Exercise brief :: The listing below holds a line with "Vigtigt skridt for" and a line with "Trao khen thưởng". Reproduce those two lines exactly, plus everything between them.

Records for the task ::
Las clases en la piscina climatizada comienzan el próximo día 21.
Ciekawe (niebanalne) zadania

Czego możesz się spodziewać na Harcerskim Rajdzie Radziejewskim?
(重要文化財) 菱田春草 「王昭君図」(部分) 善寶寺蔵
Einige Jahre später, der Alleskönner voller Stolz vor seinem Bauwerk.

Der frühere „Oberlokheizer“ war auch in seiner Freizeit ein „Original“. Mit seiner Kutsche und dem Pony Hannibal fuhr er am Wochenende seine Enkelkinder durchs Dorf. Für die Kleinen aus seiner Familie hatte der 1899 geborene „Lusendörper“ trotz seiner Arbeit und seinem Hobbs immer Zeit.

--

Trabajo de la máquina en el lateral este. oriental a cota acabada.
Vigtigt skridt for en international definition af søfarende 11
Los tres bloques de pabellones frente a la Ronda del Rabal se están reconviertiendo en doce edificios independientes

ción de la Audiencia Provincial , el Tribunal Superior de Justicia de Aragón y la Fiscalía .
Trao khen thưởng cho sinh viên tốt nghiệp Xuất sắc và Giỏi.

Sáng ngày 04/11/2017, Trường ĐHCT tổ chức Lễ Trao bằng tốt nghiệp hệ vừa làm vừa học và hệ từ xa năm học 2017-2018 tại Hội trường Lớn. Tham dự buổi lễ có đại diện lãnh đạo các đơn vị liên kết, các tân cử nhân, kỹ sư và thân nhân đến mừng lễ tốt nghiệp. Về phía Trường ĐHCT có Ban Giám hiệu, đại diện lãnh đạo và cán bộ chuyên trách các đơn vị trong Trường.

Your response ::
Vigtigt skridt for en international definition af søfarende 11
Los tres bloques de pabellones frente a la Ronda del Rabal se están reconviertiendo en doce edificios independientes

ción de la Audiencia Provincial , el Tribunal Superior de Justicia de Aragón y la Fiscalía .
Trao khen thưởng cho sinh viên tốt nghiệp Xuất sắc và Giỏi.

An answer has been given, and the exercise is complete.